Oil prices added to an earlier gain after the report was released to trade near $64 a barrel, close to their highest since 2015, supported by the OPEC-led effort and an unplanned shutdown of a British oil pipeline. The price of crude is still about half its level of mid-2014.

In a further sign excess supply is easing, OPEC said inventories in developed economies declined by 37 million barrels in October to 2.948 billion barrels, 137 million barrels above the five-year average.

OPEC’s stated goal is to reduce stocks to the five-year average.

OPEC’s production figures based on the secondary sources showed compliance with the supply cuts increased in November from already high rates.

Adherence by the 11 OPEC members with output targets has risen to 121 percent, according to a Reuters calculation, higher than October’s level which was still above 100 percent.

The figures that OPEC members reported themselves showed some unexpectedly large declines in production.

The UAE, which has lagged many of its peers on compliance this year, said it cut output by 50,000 bpd. The improvement in compliance comes as the country prepares to take over the rotating OPEC presidency in 2018.

Top exporter Saudi Arabia disclosed a large cut of 165,000 bpd, taking output further below its OPEC target, and Venezuela, where economic collapse is starving the oil industry of funds, reported a 118,000 bpd drop in output.

Should OPEC keep pumping at November’s level and other things remain equal, the market could move into a deficit of about 700,000 bpd next year, suggesting inventories will be drawn down further to meet demand.

Last month’s report pointed to a larger deficit of about 830,000 bpd.

Meanwhile, less than two weeks after OPEC’s decision to extend oil production cuts, Libya and Nigeria — the only two exempt members of the group — are signalling their intent to raise output next year.
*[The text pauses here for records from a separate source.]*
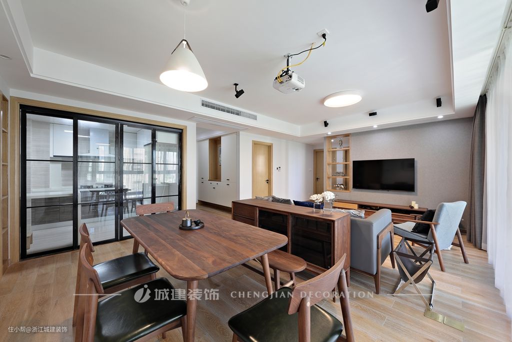 当然我们也能看到通过利用餐边柜的方式来划分这两个区域,沙发背靠餐边柜,一定程度满足收纳需求。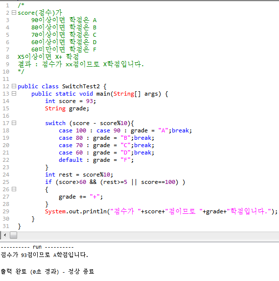 **switch의 값비교는 숫자형만 가능. (아스키코드값을 가진 char도 가능.)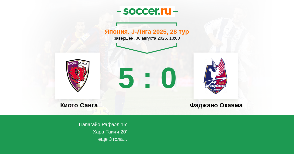 Киото Санга - Фаджано Окаяма: обзор матча 30 августа 2025
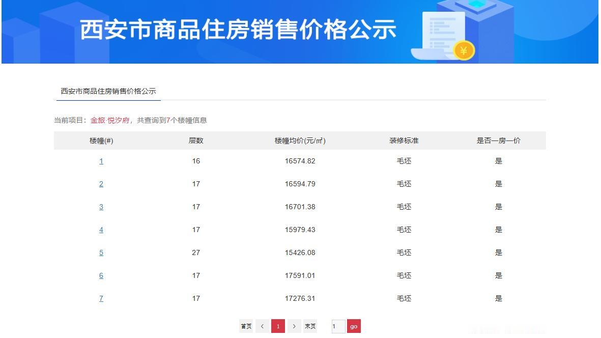 快讯!刚刚,西安住建局官网公示了浐灞国际港会展板块纯新盘“金旅·悦汐府项目”首批房源的价格,楼栋均价15426.08元/㎡起! 金旅·悦汐府项目位于西安浐灞国际港会展板块,世博大道以北、展业路以东,占地面积35.174亩,由陕旅集团金旅地产开发,容积率2.8,规划6栋小高层+1栋高层,层高16-27F。 项目紧邻浐灞实验小学(直线距离约170米),北侧是在建的浐灞右岸高中,距离西安交通大学附属中学浐灞右岸学校直线距离约935米。周边有广运潭公园、华夏文旅水世界等自然景观,澜岸万科里、砂之船奥莱等商业配套。 交通方面,西北侧临近绕城高速、北三环,沿欧亚大道还可快速通行至港务;不过距离地铁稍远,最近的地铁站是3号线务庄站,约2公里。 此外,项目创新性地采用“荷塘月色”主题架空层,精心打造艺术接待中心、星级社区大堂、公共会客厅、共享休闲区、书吧、运动空间、亲子空间等。 本次价格公示,项目是纯新盘首次入市,公示了1

While several ministers at the Nov. 30 meeting of the Organization of the Petroleum Exporting Countries suggested the two nations had joined the output-curbing deal, both are working to add to their peak production from this year.
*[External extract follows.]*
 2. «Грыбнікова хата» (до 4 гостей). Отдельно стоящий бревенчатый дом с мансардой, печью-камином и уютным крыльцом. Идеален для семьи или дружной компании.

On Friday, oil company Total said its new Egina field offshore Nigeria was on track to start next year — adding 10 percent to the country’s production.

The field will have a capacity of 200,000 barrels per day (bpd) and launch in the fourth quarter of 2018, counterbalancing production constrained by ageing pipelines, perpetual theft and sabotage.
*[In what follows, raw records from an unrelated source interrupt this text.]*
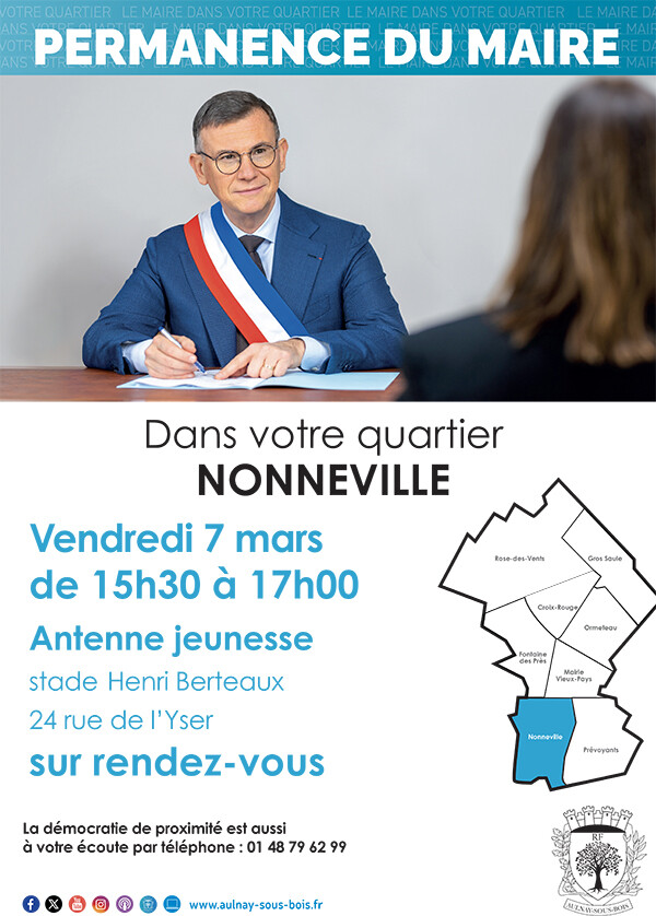 Quartier par quartier, notre maire propose de nous rencontrer sur rendez-vous. Sur les réseaux sociaux, certains aulnaysiens regrettent l’horaire peu compatible avec une vie professionnelle, mais il ne change pas ses horaires ...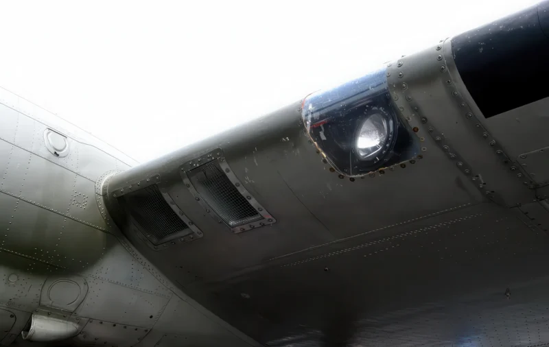 - Staggered Waist Guns: Gun positions in the fuselage were staggered (one forward, one aft) to give the two gunners more working room.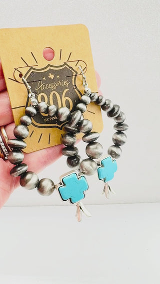 This burnished silver bead earring features different size round beads mixed with saucer beads. It has a square stone cross with blossom on french wire.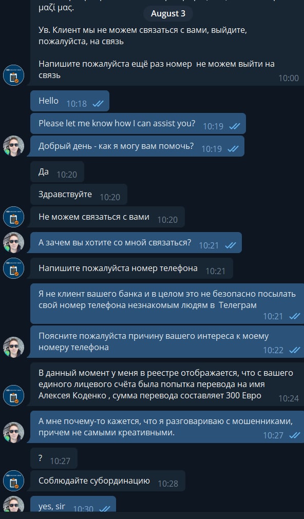 кипрский банк? пишет сам? в телеграм??? что может пойти не так? ))))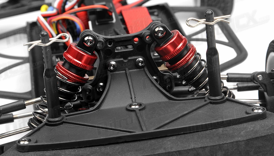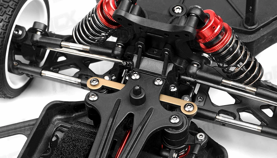 The Tacon Ranger is a 1/12 scale Rally car. It was designed from the ground up with pure performance in mind. Performance features derived from 1/8 scale trucks and buggies have been shrunken down in size and engineered to deliver the utmost performance in a small rally car package. A composite chassis serves as the base of this rally car. Mounted on the front and rear is thick composite shock towers towering over the planetary geared fluid filled differentials. Attached to the robust towers are aluminum capped, threaded coil over, oil filled shocks providing plush and ground hugging dampening. The steering tie rods and upper and lower arms are adjustable for fine tuning of the toe and camber, effectively altering the handling characteristics of the car.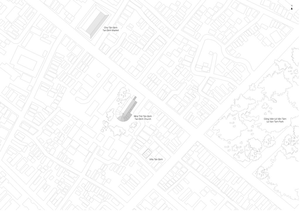 Một đặc điểm nổi bật khác, vị trí tiếp giáp với các công trình kiến trúc lịch sử của Sài Gòn như Nhà thờ Tân Định, Chợ Tân Định. Ngoài ra, căn nhà nằm giữa quận 3 được coi là khu vực “đông đúc” nhất của thành phố. Vào sáng sớm hay chiều tà, bạn có thể nghe rõ tiếng chuông từ Nhà thờ, hoặc chỉ cần bước ra khỏi nhà vài bước chân là bạn có thể trực tiếp chạm vào không khí “hẻm” Sài Gòn, có thể xem là một đặc sản của Văn hóa đô thị.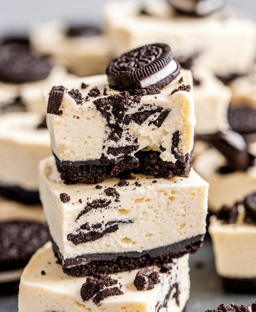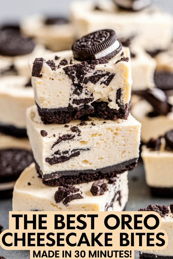 1. Garnish: Before serving, sprinkle the crushed Oreo cookies on top of each cheesecake bite for an extra burst of Oreo flavor and texture.

“That could certainly change the dynamics,” said Ehsan Ul-Haq, head of crude and products at Resource Economist, a consultancy.

The Nigerian petroleum ministry did not respond to a request for comment on the Egina field startup, and whether production elsewhere would be curtailed as a result.

On Saturday, the head of Libya’s U.N.-backed government met the head of Libya’s National Oil Corp (NOC) and the governor of Tripoli’s central bank to discuss how the corporation could get more cash to raise oil output next year.

The NOC received a quarter of its requested budget in 2017, hampering efforts to sustain oil output near 1 million bpd.

The developments may come as a surprise to market observers, who, after the Nov 30 meeting, believed Nigeria and Libya had agreed to participate in the OPEC agreement by imposing official caps at their peak 2017 production levels.

Meanwhile, Iraq’s Oil Ministry has added a new processing unit to the Kirkuk oil refinery, increasing the plant’s capacity to 56,000 barrels per day, the ministry said in a statement on Monday.

The new production unit can process 13,000 barrels per day of crude, the statement said, citing Oil Minister Jabar al-Luaibi.

The new upgraded production capacity will meet most of the domestic need of the northern oil city of Kirkuk and nearby provinces and “save hard currency as a result of cutting fuel imports”, it said.

Iraq is working to divert most future output from Kirkuk oilfield to local refineries due to an ongoing conflict with Kurdish regional authorities over the use of an export pipeline to Turkey.

Production from Kirkuk stopped in mid-October after Iraqi forces dislodged Kurdish fighters and took over the northern region’s oilfields.